[207] These immense fluctuations in the market are probably caused by the Phylloxera vastatrix now devastating the Continent. Trieste alone, for instance, has of late years imported as much as twenty cargoes of 200 tons each (a total of 4000) per annum; and the unground sulphur sells at about £7, 10s. per ton as in England. The spread of the disease is likely to cause an increased demand.
[208] In 1864, according to Mr Consul Dennis, the author of Murray’s “Hand-book of Sicily,” the two most important mines of Girgenti were “La Crocella” and “Maudarazzi” near Comitine, belonging to Don Ignazio Genusardi. They yielded annually 140,000 quintals = 10,937½ tons, worth about £70,000, and gave constant employment to 700 hands (chiefly from the opposite town of Arragona), at the daily cost of about £60. The produce was shipped at the Mole of Girgenti, and the road was thronged day and night at certain seasons with loaded carts and beasts of burden, chiefly mules.

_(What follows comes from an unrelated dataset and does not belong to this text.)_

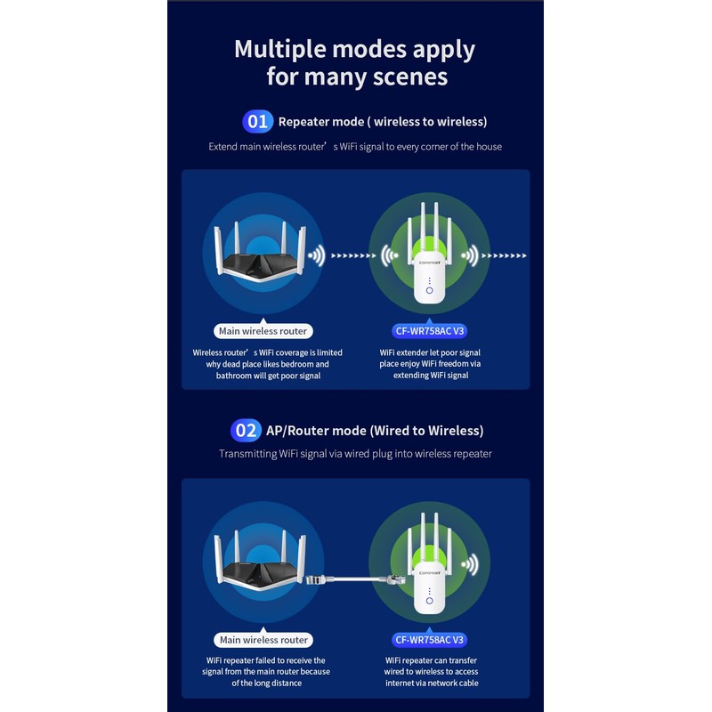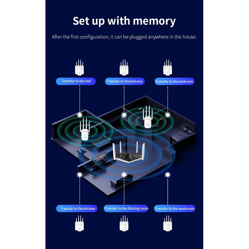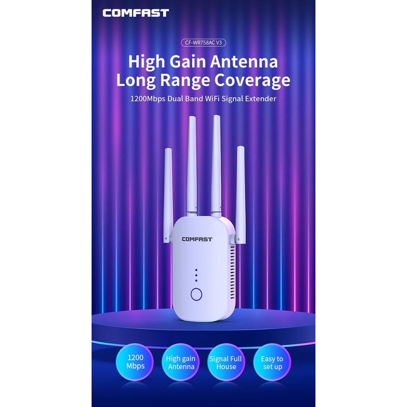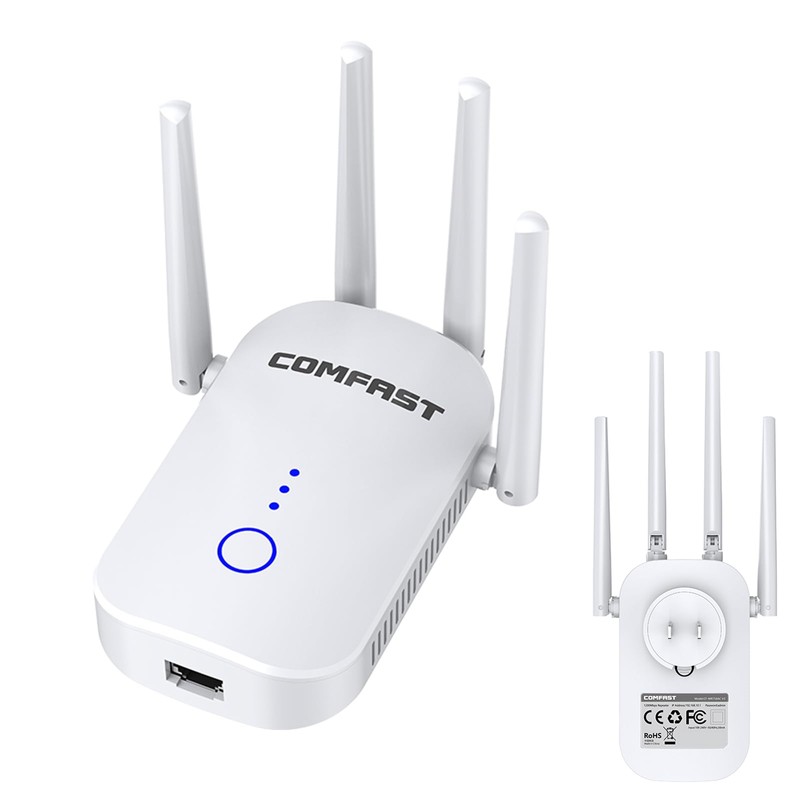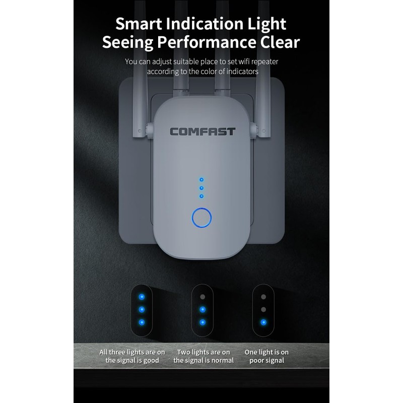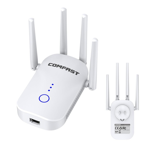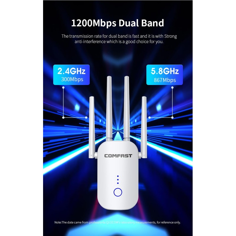 WiFi Extender Signal Enhancer Dual Band 5.8GHz/2.4GHz 1200MMbps Rotating High Gain Four Antennas, Intelligent Signal Light, Supporting Relay/Routing/AP/Bridging Multi-Mode.

Caltanissetta, Serra di Falco, on Monte Carano, and St Cutaldo are villages in the heart of the sulphur district. “The scenery is wild and stern. The mountains are of rounded forms, always bare, here craggy, there browned with scorched herbage, and in parts tinged with red, yellow, and grey, by the heaps of ore and dross at the mouths. Corn will not thrive in the fumes of sulphur; what little cultivation is to be seen is generally in the bottoms of the valleys. The hills around St Cutaldo are burrowed with sulphur mines.”
[209] In a recent report to the Italian Government, Sig. Parodi estimates that Sicilian sulphur will be exhausted in fifty to sixty years.
[210] Each ballata weighs 70 rotoli = 122½ lbs. avoir., and two are a mule-load.
[211] On the northern flank of the range, which, running from north-north-east to south-south-west, nearly bisects the island. It is a mean town in the mountains. Licata, the southern port, is nearest to the central mines.
[212] Her chief exports are fruit, oil, and silk.
[213] “Trust” seems to be the beau ideal of trade where it has not been tried. I have seen its workings in Africa and in Iceland, and my experience is that it is a pis aller which gives more trouble than it is worth.
[214] Here it is not stated whether paper or specie “lire” are meant.
[215] It would be better to state that sulphur costing above £5 per ton cannot at present compete with pyrites; sold below that price it would soon drive its rival out of the market.